Monday, September 9, 2013

Panko Crusted Neon Eggplant Cutlets

Monsoons in India are always muddy and wet and soggy and damp. You know what else they are? The perfect weather for all kinds of fritters, whether it's hot onion bhajiya as the rain is crashing down and it's dark as night at noon, or delicate potato fritters when the rain is just drizzling and you want something to nibble on with your afternoon cup of tea.

It isn't the monsoons here, but a nice cool shower would definitely be welcome in these soaring temps. And I don't have besan (chickpea flour) on hand to make a typical Indian pakora or bhajiya batter, but I do have panko crumbs. And so I say - good enough! Let's get a' fritterin' and just imagine up a crashing thunderstorm!

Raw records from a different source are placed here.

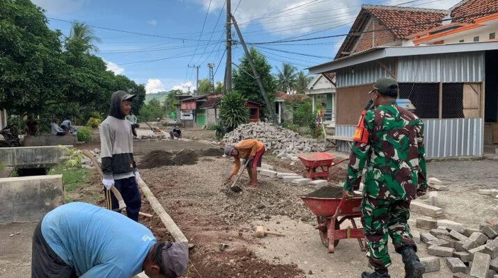Babinsa Koramil 0825-11/Pesanggaran Gotong Royong Kerja Bakti Pavingisasi Jalan Desa Bersama Warga Masyarakat
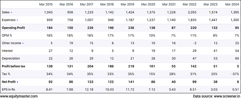If you look at the last row i.e. the EPS, I think we can give the company an average EPS of Rs 4 share. In other words, I believe it can earn an EPS of Rs 4 per share in a normal year.
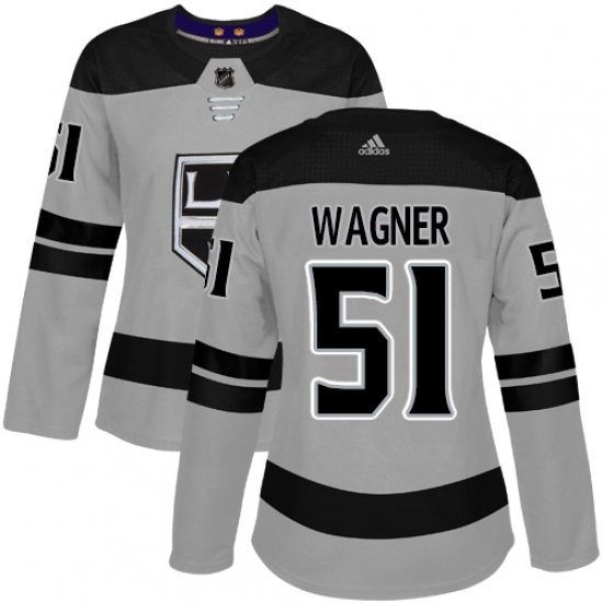 >Women's Adidas Los Angeles Kings #51 Austin Wagner Authentic Gray Alternate NHL Jersey

Panko Crusted Neon Eggplant Cutlets

1 small eggplant (I used a cute little neon eggplant, which is not bitter at all - if you use a larger eggplant variety, you should salt, rinse, and dry off before using)
2/3 cup panko bread crumbs
1 egg
1 tsp turmeric
1 tsp chili powder
1 tsp coriander-cumin powder
1 cup bread crumbs
1/2 tsp salt
Sea salt to sprinkle
Vegetable oil to shallow fry the eggplant (approx. 4 tbsp)

Look at that color! These brilliant little violet eggplants are so tender and creamy - unlike their larger deep purple siblings, they have no bitterness to speak off, and very few seeds too!
Slice the eggplant into discs.


In a dish, mix together flour, turmeric, chili powder, coriander-cumin powder, and salt.



Whisk the egg in a bowl so that the yolk and whites are combined. Pour into a separate dish.

Pour just enough oil to cover the bottom of the pan, then heat on high until the oil is almost smoking. Lower the heat to medium-high.

Dredge the eggplant slices in the egg (cover both sides) and then the panko mixture. Then slide them into the oil.

After a couple of minutes (when the bottom side is nice and brown), flip to brown the other side. Both sides should be nice and deep brown. The neon eggplant is so tender and creamy that it only takes a few minutes on each side. With a different variety of eggplant, you may need to lower the heat to medium and cook for longer on each side.


Remove and drain on a paper towel. Sprinkle a little sea salt on top and serve with mint/coriander chutney or just a simple dash of lemon juice!